FLASHPOINT – RoveLight – Great Deals AGAIN!


----------



## hombredelmar

richfell said:


> hombredelmar said:
> 
> 
> 
> Hello guys!
> Happy Thanksgiving to you all!!
> Came across this new unit http://www.adorama.com/FPLFRL600K1.html
> Flashpoint RoveLight 600 Ws Monolight (A self-contained full featured 600ws strobe) that comes with:
> 
> An extra battery
> Remote controller
> Carry bag
> For $650.00
> One of the things that impressed me is that it fires 500+ full power flash bursts on a single charge
> I suppose there might not be the same color consistency as it would be with Paul Buff and it is probably made in China but still wanted to hear your opinion abut the unit. Hopefully someone has used it and has personal experience with it
> Thank you in advance!!
> 
> 
> 
> 
> I have seen that the flashpoint mount versions have been on sale for $399.99 a few times already.  Not the Bowens mount version though.
> 
> Check out the FlashHavoc write-up on them, in the comments section there are some who have purchased.
> 
> FLASHPOINT – RoveLight – Great Deals AGAIN!
Click to expand...

 
Thank you, will do it now!!!!


----------



## Vtec44

I bought on the other day, Flashpoint mount.  It works pretty well although you'll need an additional TTL remote to use HSS.


----------



## Mach0

Vtec44 said:


> I bought on the other day, Flashpoint mount.  It works pretty well although you'll need an additional TTL remote to use HSS.


Awesome

I've been thinking of getting one for outdoors... Can come in handy plus the HSS and being able to use lower power levels


----------



## Vtec44

Yeah I haven't tested the HSS function yet because I only have PocketWizard Plus3's, which don't do TTL or HSS.  I bought a few cheap YN622N's.  They'll be here soon, I hope


----------



## Mach0

Vtec44 said:


> Yeah I haven't tested the HSS function yet because I only have PocketWizard Plus3's, which don't do TTL or HSS.  I bought a few cheap YN622N's.  They'll be here soon, I hope


 
I have them.
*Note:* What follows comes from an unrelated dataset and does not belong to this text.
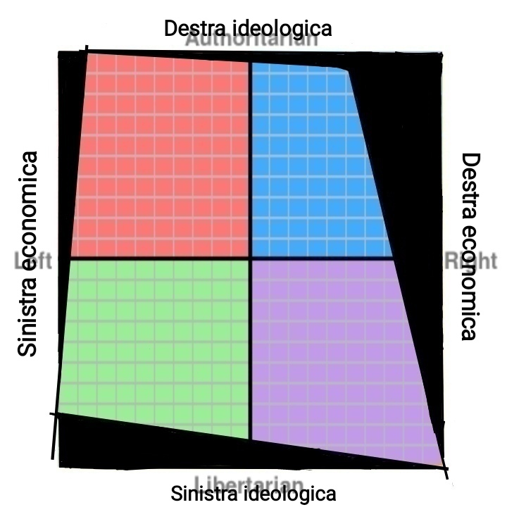 Sicuramente al quadrante verde in basso a sx, sinistra liberale e libertaria. Il blu è il quadrante in alto a destra, rappresentante destra autoritaria e sociale. |

They are decent but are a bit quirky with sb600's and 800's. Other than that they work awesome with 900's. I haven't used them outside on any mono lights. I just bought into the PW set up too so I'll use both and see how they compare.


----------



## Vtec44

I just got them in, works pretty well although a slight bit of banding starts to show at about 1/4000th of a sec.  That's not bad considering the price.


----------



## Mach0

Vtec44 said:


> I just got them in, works pretty well although a slight bit of banding starts to show at about 1/4000th of a sec.  That's not bad considering the price.


 

The tx controller works pretty decent and can adjust timing for HSS


----------



## Vtec44

Got a chance to test the setup today (Rovelight 600ws, Glow 36" octabox, YN622N's).  It's not the best but I'm happy with it.  The light output and temperature are decent enough.  Since I'm not shooting for Vogue or anything, it's good enough for me.  If it works out well after my field test on Jan 19th (engagement shoot), I'll probably buy 1 more.


----------



## keano12

Can you post any examples of the HSS mode and settings?


----------



## Vtec44

keano12 said:


> Can you post any examples of the HSS mode and settings?




What do you want to see?


----------



## keano12

It would be cool to see some shows such as action stopping? Liquid or something and see it in different settings slow shutter up to high as you can go till banding appears. 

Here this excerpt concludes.